Q2 highlights: streaming, park business
In the second quarter, Disney+ subscriber enrollment increased as Charter Cable subscribers began receiving premium subscriptions as part of their packages, the news agency reported.
Disney added more than 6 million core Disney+ subscribers in the second quarter, ahead of its own guidance and easily beating the Bloomberg consensus estimate of 4.7 million.
The company saw continued positive momentum in average revenue per user, or ARPU, amid recent price hikes and a crackdown on password sharing. ARPU increased sequentially by $0.44 to $7.28.
“I think you’re going to see prices steadily rise over time on the streaming service because the content we have is worth paying for,” Johnston told Brian Sozzi, managing editor of Yahoo Finance, on Tuesday.
Meanwhile, the parks business delivered another strong quarterly result with domestic operating income rising to $1.61 billion compared to $1.52 billion in the year-ago period.
Higher profits at Walt Disney World Resort and Disney Cruise Line were partially offset by lower results at Disneyland Resort, the company said.
Meanwhile, ESPN’s domestic operating income fell 9% year over year to $780 million, dragged down by lower ancillary revenue and fewer subscribers.

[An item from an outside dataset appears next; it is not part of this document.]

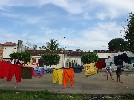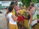 Comment résister à cette charmante brésilienne qui sollicite un coup de main pour mettre sa pirogue à l'eau | Les enfants sont très curieux de pouvoir apprendre des mots de français | La lessive sèche sur la place du village | Il va faire nuit, il faudrait nous rendre nos maris maintenant! |

The company blamed the results on increased production costs due to College Football Playoff (CFP) programming.
It was a similar story for domestic linear network revenue in the entertainment segment, which fell 11% year over year in the quarter. Operating income in this segment fell by 18%. It was also blamed on lower ancillary revenue, along with a decline in advertising revenue.
In February, Disney doubled down on sports streaming with the reveal of an upcoming joint venture with Fox and Warner Bros. Discovery. The company is also working on a separate sports streaming platform for ESPN, which will debut in fall 2025.
Sports-related, Disney has reportedly agreed to increase its media rights deal with the NBA to $2.6 billion from the previous $1.5 billion. The NBA’s current franchise agreement expires at the end of next season.